Hide one of the three (say, Customer.shippingStreetForLabel()) and Order loses two claims at once.

2. Java's access modifiers — designed to fail

Java has four visibilities: private, package-private (default), protected, public. Three of them leak.

  • private is the only one that actually hides. Anything else is visible to some other class.
  • Package-private is the most common Inappropriate Intimacy vector. Two classes in the same package have full read/write access to each other's package-private members. This is Java's silent friend keyword.
  • protected exposes the field to subclasses and to the same package. Anyone can become a subclass; subclasses can read your state forever.
  • public is global. Everyone is intimate.
package com.acme.shop;
public class Order {
    private   BigDecimal subtotal;   // hidden from everyone
    BigDecimal           discount;   // visible to every class in com.acme.shop
    protected BigDecimal tax;        // visible to subclasses AND com.acme.shop
    public    BigDecimal total;      // visible everywhere
}

A typical Java codebase has hundreds of package-private fields. Each one is a license for anyone in the package to be intimate with that class. The license is implicit, undocumented, and impossible to audit by reading Order in isolation — you have to read every class in the package to find out who is using it.

A defensible default: everything private unless a sibling has a documented reason to need access. The reason should appear in a comment or a @VisibleForTesting-style marker.

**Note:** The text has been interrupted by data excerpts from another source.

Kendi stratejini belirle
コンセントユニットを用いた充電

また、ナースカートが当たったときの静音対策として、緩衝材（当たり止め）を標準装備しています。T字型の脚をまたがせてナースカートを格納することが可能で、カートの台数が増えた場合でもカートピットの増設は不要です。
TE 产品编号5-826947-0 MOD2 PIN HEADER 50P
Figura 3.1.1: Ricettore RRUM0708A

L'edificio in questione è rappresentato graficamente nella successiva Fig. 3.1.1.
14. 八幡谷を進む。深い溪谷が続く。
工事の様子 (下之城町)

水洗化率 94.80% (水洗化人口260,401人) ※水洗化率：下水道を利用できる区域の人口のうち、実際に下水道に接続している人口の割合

3. Encapsulation breaks below the language level

Even when fields are private, encapsulation can leak. Three common holes:

Returning a mutable reference.

public class Order {
    private final List<LineItem> items = new ArrayList<>();
    public List<LineItem> getItems() { return items; }   // caller can items.add(...)
}

Order is now intimate with every caller of getItems. Anyone holding the returned list can mutate Order's internals. Return List.copyOf(items), an unmodifiable wrapper, or a stream — the type tells the caller whether mutation is permitted.

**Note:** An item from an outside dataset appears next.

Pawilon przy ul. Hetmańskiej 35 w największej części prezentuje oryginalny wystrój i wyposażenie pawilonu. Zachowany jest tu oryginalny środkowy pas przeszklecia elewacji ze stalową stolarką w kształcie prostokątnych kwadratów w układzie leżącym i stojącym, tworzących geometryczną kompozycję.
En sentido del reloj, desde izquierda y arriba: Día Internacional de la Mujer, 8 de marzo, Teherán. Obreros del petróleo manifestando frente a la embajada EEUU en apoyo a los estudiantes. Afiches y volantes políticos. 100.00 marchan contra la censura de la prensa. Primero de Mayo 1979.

Storing a passed-in reference.

public class Order {
    private final List<LineItem> items;
    public Order(List<LineItem> items) { this.items = items; }   // aliased!
}

// Caller:
var src = new ArrayList<LineItem>();
var order = new Order(src);
src.add(extra);                  // modifies order from outside

Order is intimate with whoever built the list. Defensive copy in the constructor: this.items = List.copyOf(items).

Exposing a builder that mutates after build().

public class Order {
    public static Builder builder() { return new Builder(); }
    private Order(Builder b) {
        this.items = b.items;        // shares reference with the still-mutable builder
    }
}

The builder must either freeze its state at build() or copy it into the constructed object. Otherwise Order and the builder are intimate forever.

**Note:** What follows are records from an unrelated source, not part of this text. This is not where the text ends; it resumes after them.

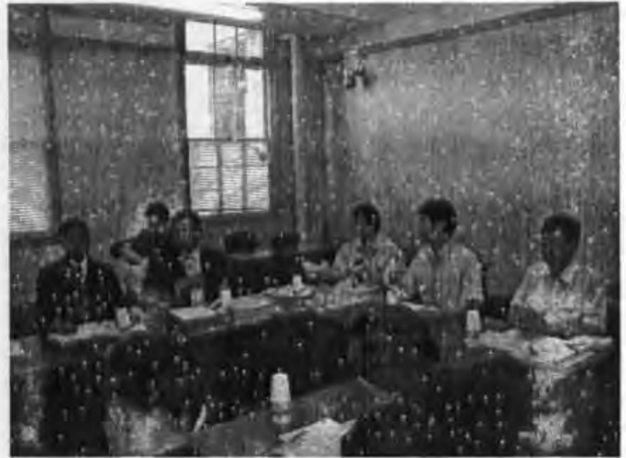
คณะกรรมการฯ เข้าพบผู้บริหาร

ปัจจุบันประเทศญี่ปุ่น มีประชากรที่มีอายุ ๖๕ ปีขึ้นไปประมาณร้อยละ ๑๐ เมื่อเทียบกับประเทศไทยในปัจจุบันนั้นเท่ากับประเทศญี่ปุ่นเมื่อปี ๑๙๗๕ ซึ่งเป็นปีที่เศรษฐกิจของประเทศญี่ปุ่นมีความเจริญเติบโตอย่างรวดเร็ว และพบปัญหาเรื่องผู้สูงอายุมีจำนวนเพิ่มมากขึ้นอย่างรวดเร็วตามไปด้วย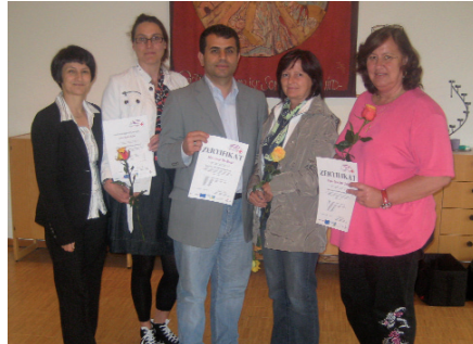
Die lerneifrigen VG-Mitarbeiter

Unsere Mitarbeiter nehmen laufend an Fortbildungen teil. 2010 besuchten wir bereits zum wiederholten Male die bewährte „Ausbildung für freiwillige Helfer in der sozialen Betreuung“ auf Einladung des Roten Kreuzes Kufstein und Bayern. Dafür bedanken wir uns sehr herzlich!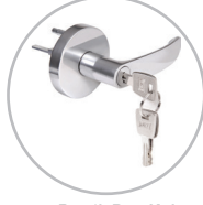
Panik Bar Kolu Panic Device Handle KD040/30-291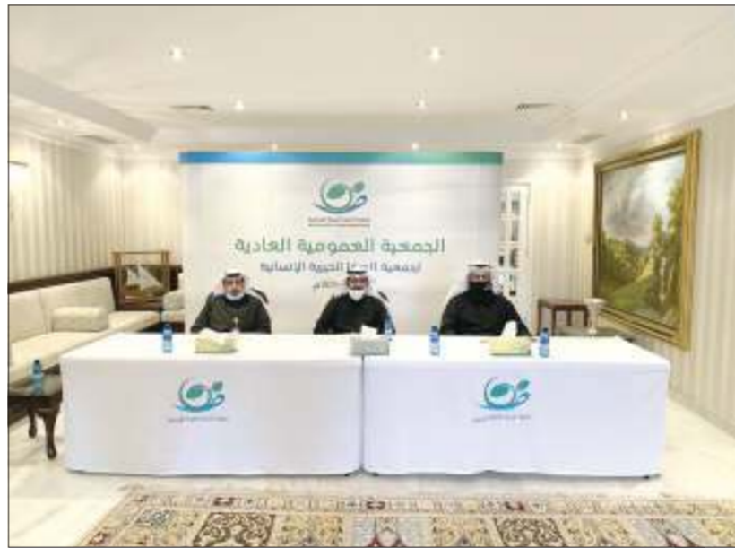
الجمعية العمومية العادية لجمعية الصفا الخيرية

الإداري والمالي للمشاريع الداخلية والخارجية، وقد تمت الموافقة على التقريرين الإداري والمالي، بعدما تمت مناقشة الميزانية التقديرية لعام 2020 والتصويت عليها بالموافقة. وفي نهاية اجتماع الجمعية العمومية شكر الشايح وزارة الشؤون ممثلة بإدارة الجمعيات الخيرية المبرات على تعاونها مع الجمعية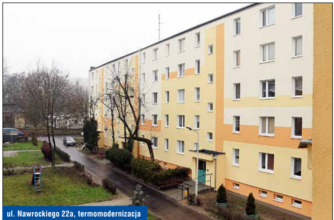
ul. Nawrockiego 22a, termomodernizacja

ul. Bracka 10/12 i ul. Bracka 14/16 – utwardzenie miejsc postojowych płytami ażurowymi – wspólna inwestycja z Urzędem Miejskim w Pabianicach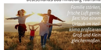
Familie stärken, frische Luft genießen: Von einem Urlaub im Heilklima profitieren Groß und Klein gleichermaßen.

Spielraum für Bewegung – Urlaub im Heilklima ist ein Gewinn für Groß und Klein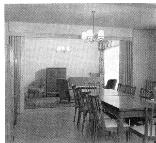
Au nouveau foyer de La Source.

Une inauguration avec les Sourciennes a eu lieu le 19 novembre.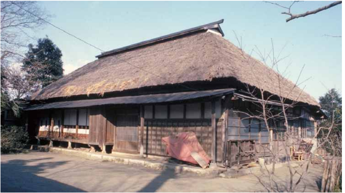
草ぶき屋根の民家 昭和50年 徳延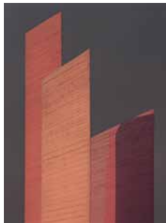
Torres de la Ciudad Satélite (Towers of Satellite City), Mexico City, 1957.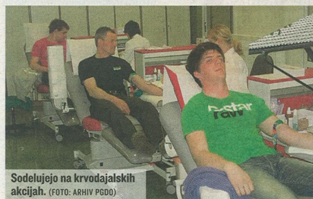
Sodelujejo na krvodajalskih akcijah.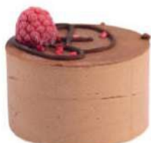
357-PASTEL SIN AZUCAR € 5,00

Bizcocho genovés, mousse de chocolate blanco, chocolate con teche y chocolate negro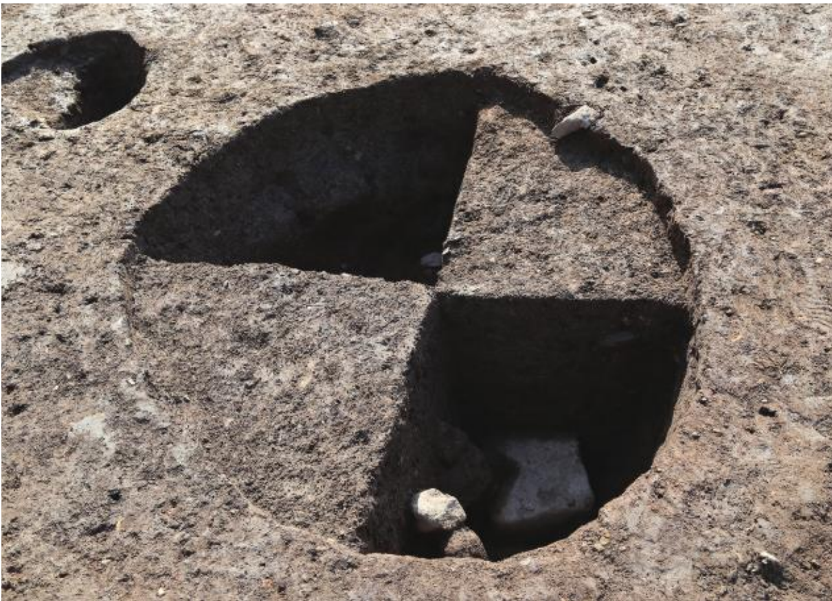
(2) 第10次調査 土坑S K 1001 (西から)

Encapsulation isn't an access modifier — it's a property of the object graph at runtime. private plus reference aliasing equals zero encapsulation.

4. Detection — dependency graphs and intimacy edges

Static analysis can't read intent, but it can count who-references-whom. Two metrics, used together, reveal intimacy without reading any code:

  • CBO (Coupling Between Objects) — the number of other classes a given class references. High CBO is a coupling smell, not necessarily intimacy.
  • Bidirectional reference count — the number of pairs (A, B) where A references B and B references A. Each pair is a candidate for intimacy.

A small tool you can write in 50 lines of javaparser or asm produces a graph where:

  • Nodes are classes.
  • Edges are field/method/parameter references.
  • Bidirectional edges are intimacy candidates.

Sort the bidirectional edges by number of fields touched on each side. The top-N is your intimacy hotspot list — usually 3 to 8 pairs out of thousands of classes. Each one is a refactor candidate.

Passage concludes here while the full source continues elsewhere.